[[ Material for this task, beginning ]]
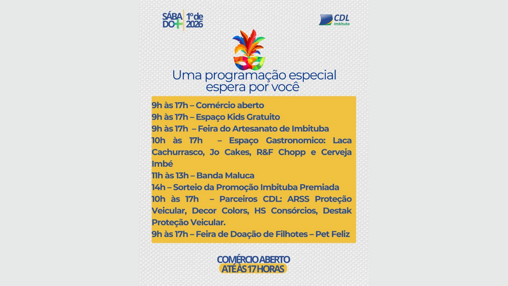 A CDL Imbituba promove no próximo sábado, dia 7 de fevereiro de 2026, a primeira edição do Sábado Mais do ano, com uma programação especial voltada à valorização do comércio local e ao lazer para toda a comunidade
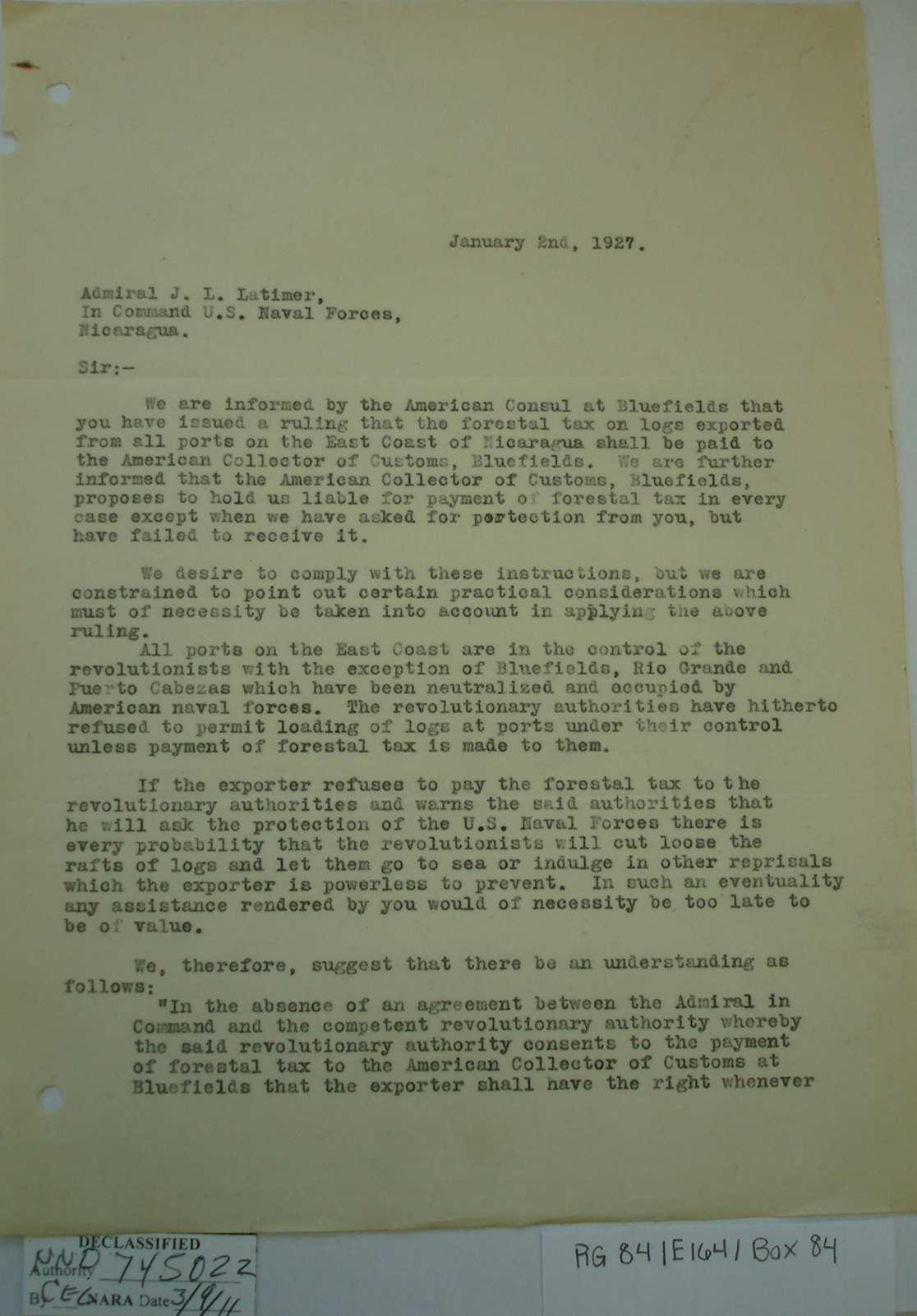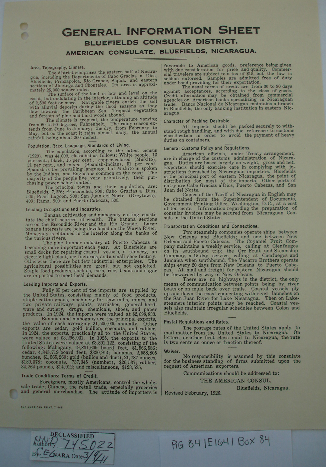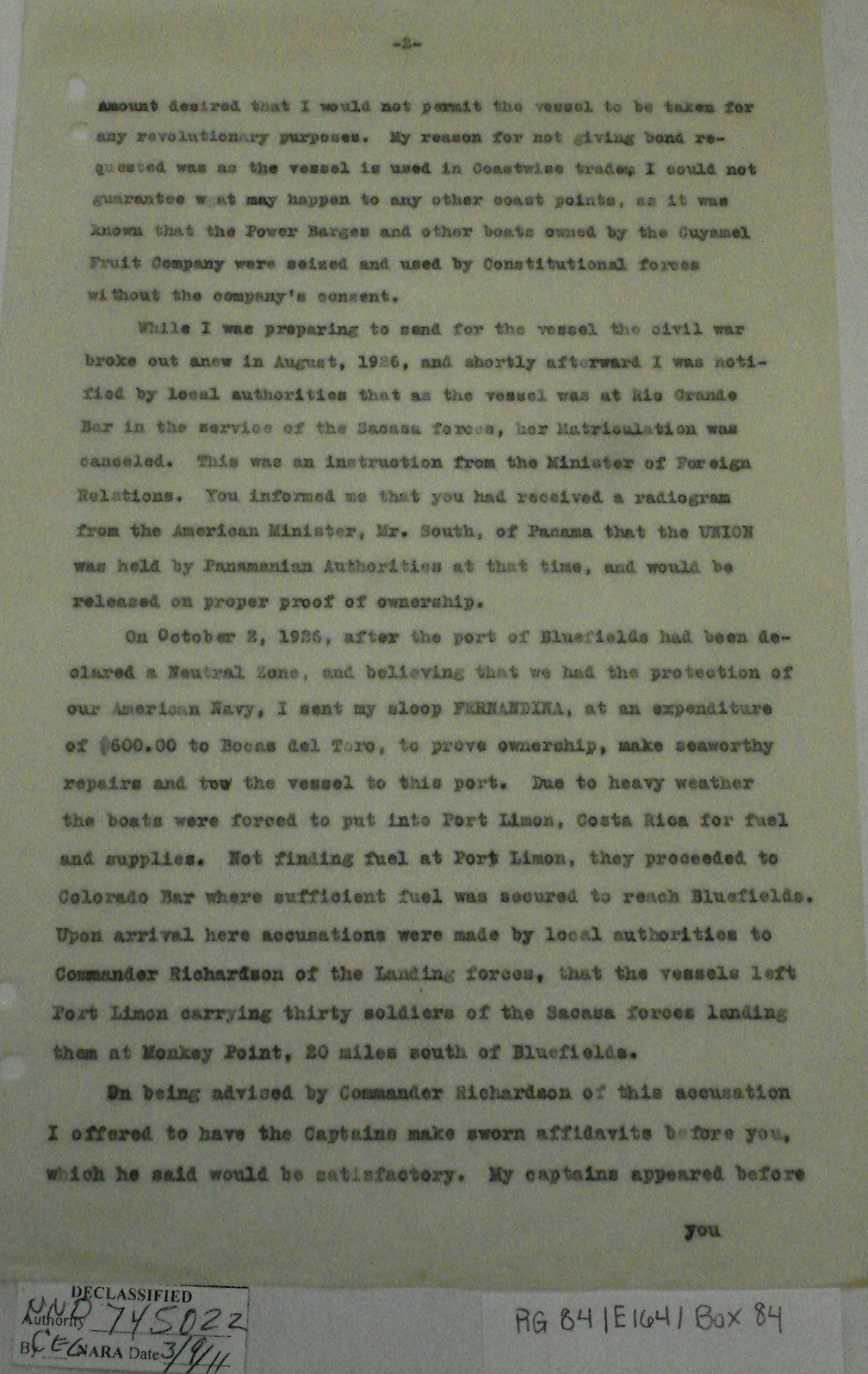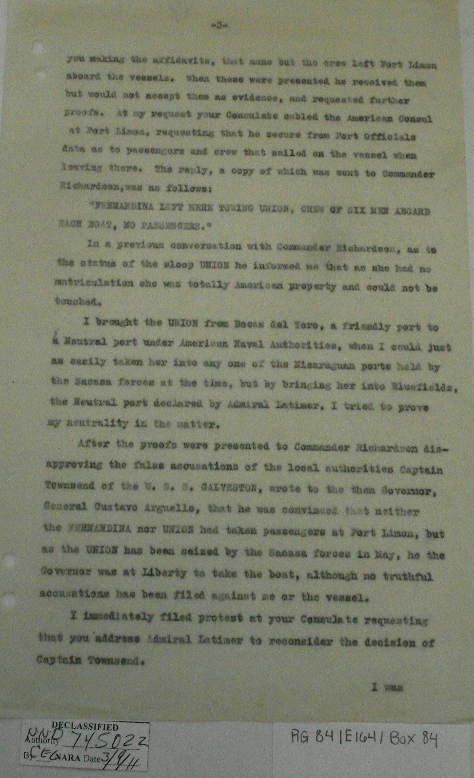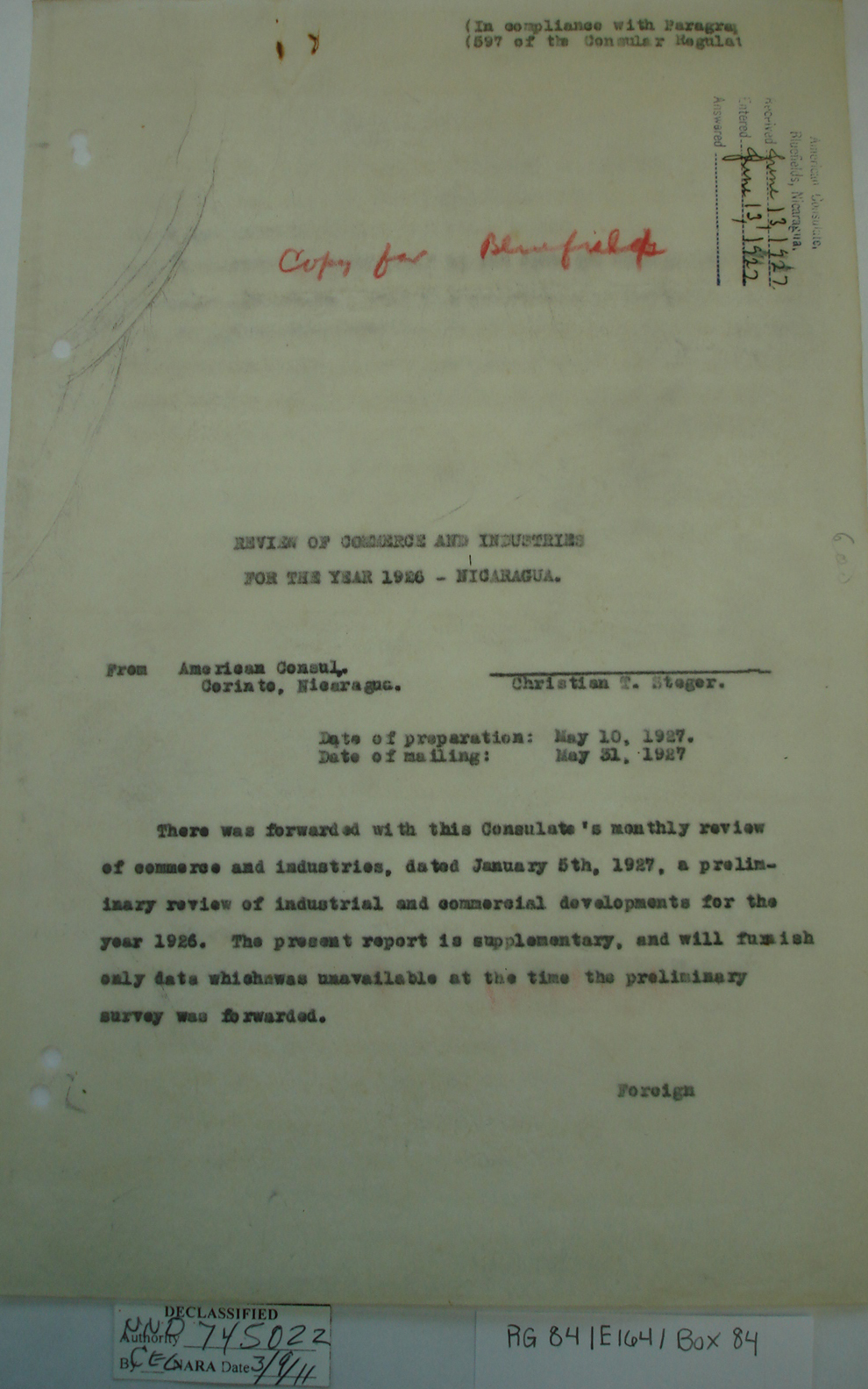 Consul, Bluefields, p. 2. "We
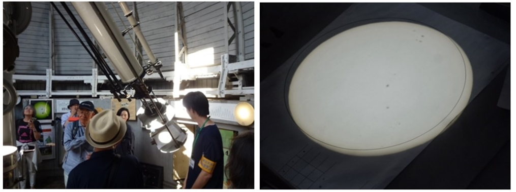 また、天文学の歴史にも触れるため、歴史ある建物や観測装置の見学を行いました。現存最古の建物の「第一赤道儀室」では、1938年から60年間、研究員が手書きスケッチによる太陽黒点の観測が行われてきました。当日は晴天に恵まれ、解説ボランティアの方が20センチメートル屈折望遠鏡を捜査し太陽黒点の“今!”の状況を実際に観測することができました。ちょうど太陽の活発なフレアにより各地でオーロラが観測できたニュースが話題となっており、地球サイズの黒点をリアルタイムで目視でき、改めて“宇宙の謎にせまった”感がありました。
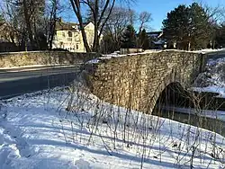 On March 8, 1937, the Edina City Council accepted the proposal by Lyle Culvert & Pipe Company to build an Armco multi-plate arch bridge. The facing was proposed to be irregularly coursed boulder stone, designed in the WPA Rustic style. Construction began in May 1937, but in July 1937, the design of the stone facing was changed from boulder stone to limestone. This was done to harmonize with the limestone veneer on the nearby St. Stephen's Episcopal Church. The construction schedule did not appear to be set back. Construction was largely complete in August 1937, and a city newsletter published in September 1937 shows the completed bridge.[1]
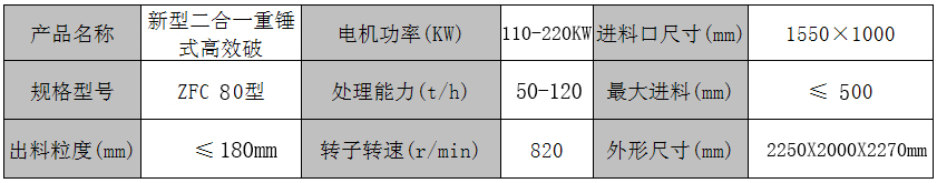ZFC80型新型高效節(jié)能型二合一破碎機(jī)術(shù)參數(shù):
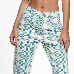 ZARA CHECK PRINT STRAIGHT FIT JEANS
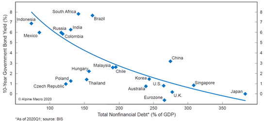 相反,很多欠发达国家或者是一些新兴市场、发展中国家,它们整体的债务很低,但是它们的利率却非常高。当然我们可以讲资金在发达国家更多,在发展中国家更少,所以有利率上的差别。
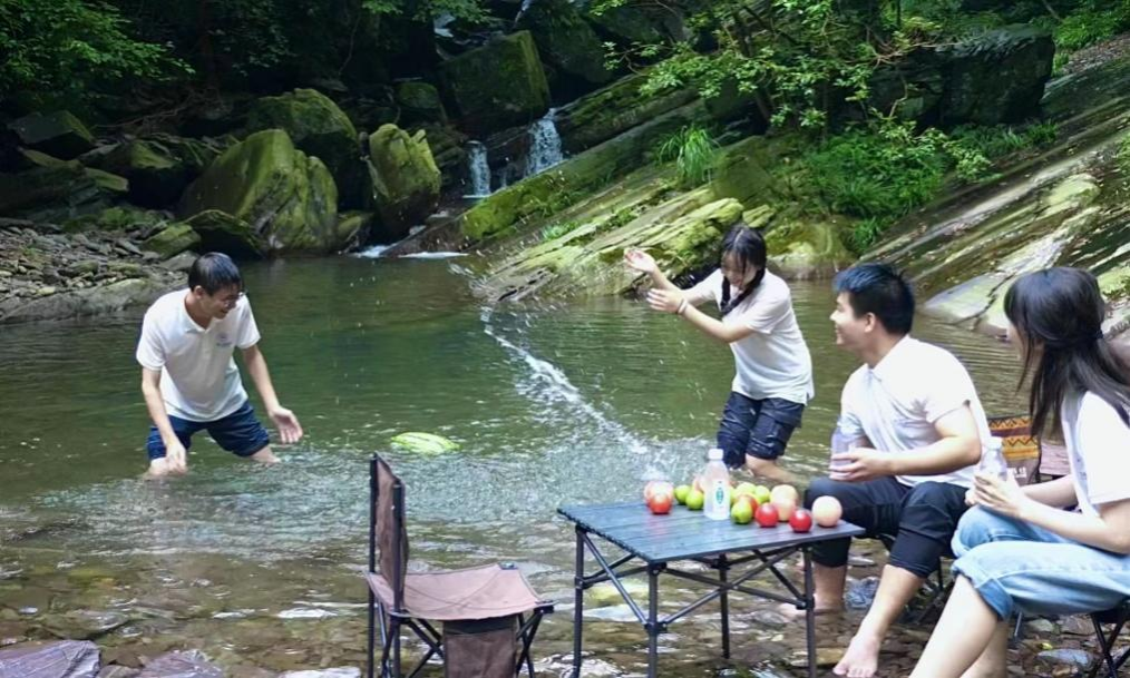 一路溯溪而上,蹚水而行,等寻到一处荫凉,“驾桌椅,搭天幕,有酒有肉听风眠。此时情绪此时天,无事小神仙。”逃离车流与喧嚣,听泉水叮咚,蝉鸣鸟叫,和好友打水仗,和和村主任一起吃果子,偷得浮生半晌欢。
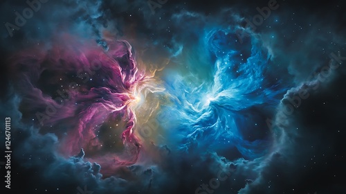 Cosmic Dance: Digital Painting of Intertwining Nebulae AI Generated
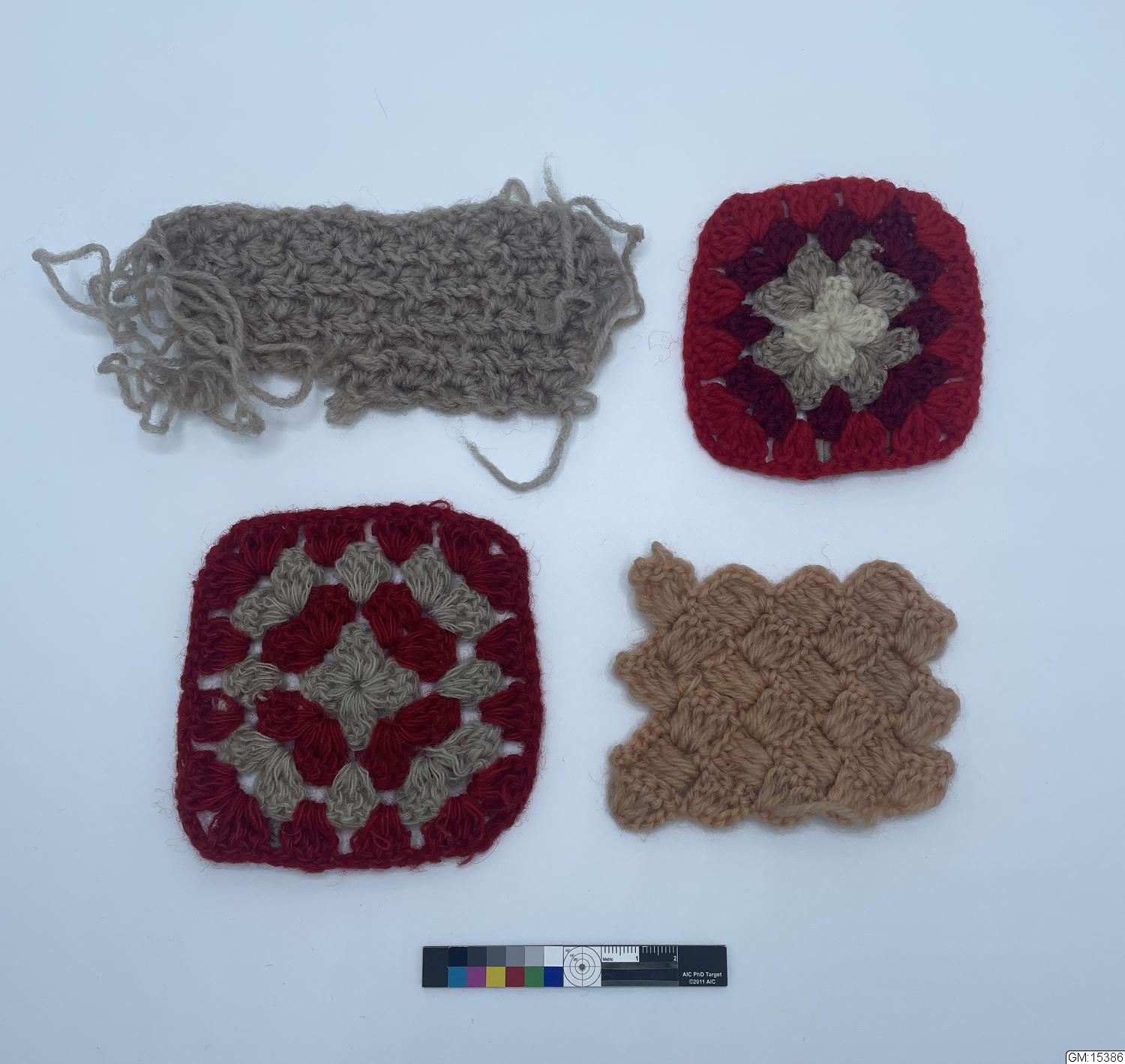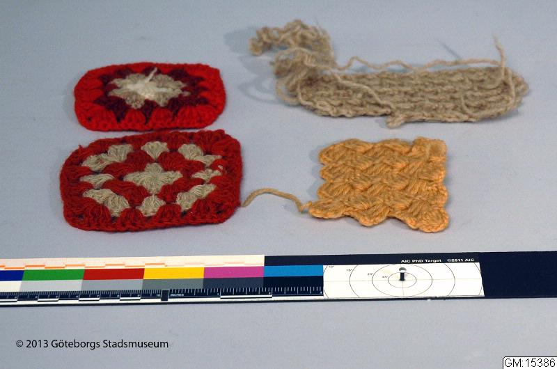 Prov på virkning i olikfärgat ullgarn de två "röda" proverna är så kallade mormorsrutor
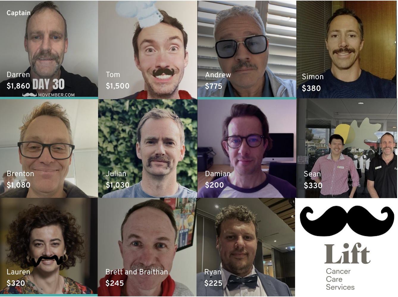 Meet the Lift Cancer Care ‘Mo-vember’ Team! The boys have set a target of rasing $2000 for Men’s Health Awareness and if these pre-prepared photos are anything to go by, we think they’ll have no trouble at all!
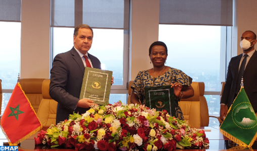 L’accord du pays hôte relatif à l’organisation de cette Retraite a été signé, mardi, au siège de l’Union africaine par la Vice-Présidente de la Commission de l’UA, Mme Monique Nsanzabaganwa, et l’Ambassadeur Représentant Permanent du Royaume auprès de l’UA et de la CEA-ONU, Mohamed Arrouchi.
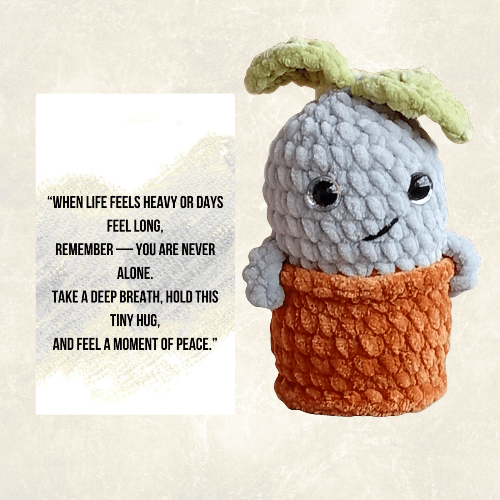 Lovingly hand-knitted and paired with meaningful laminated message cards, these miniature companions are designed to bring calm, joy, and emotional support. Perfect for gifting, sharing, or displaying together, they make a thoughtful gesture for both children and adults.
[[ Material for this task, end ]]
**Action item**
Only the lines from the one that contains "ZFC80型新型高效節(ji" to the end of the records, inclusive, are to be quoted exactly, with pictures excluded.

**Your solution**
ZFC80型新型高效節(jié)能型二合一破碎機(jī)術(shù)參數(shù):
 ZARA CHECK PRINT STRAIGHT FIT JEANS
 相反,很多欠发达国家或者是一些新兴市场、发展中国家,它们整体的债务很低,但是它们的利率却非常高。当然我们可以讲资金在发达国家更多,在发展中国家更少,所以有利率上的差别。
 一路溯溪而上,蹚水而行,等寻到一处荫凉,“驾桌椅,搭天幕,有酒有肉听风眠。此时情绪此时天,无事小神仙。”逃离车流与喧嚣,听泉水叮咚,蝉鸣鸟叫,和好友打水仗,和和村主任一起吃果子,偷得浮生半晌欢。
 Cosmic Dance: Digital Painting of Intertwining Nebulae AI Generated
 Prov på virkning i olikfärgat ullgarn de två "röda" proverna är så kallade mormorsrutor
 Meet the Lift Cancer Care ‘Mo-vember’ Team! The boys have set a target of rasing $2000 for Men’s Health Awareness and if these pre-prepared photos are anything to go by, we think they’ll have no trouble at all!
 L’accord du pays hôte relatif à l’organisation de cette Retraite a été signé, mardi, au siège de l’Union africaine par la Vice-Présidente de la Commission de l’UA, Mme Monique Nsanzabaganwa, et l’Ambassadeur Représentant Permanent du Royaume auprès de l’UA et de la CEA-ONU, Mohamed Arrouchi.
 Lovingly hand-knitted and paired with meaningful laminated message cards, these miniature companions are designed to bring calm, joy, and emotional support. Perfect for gifting, sharing, or displaying together, they make a thoughtful gesture for both children and adults.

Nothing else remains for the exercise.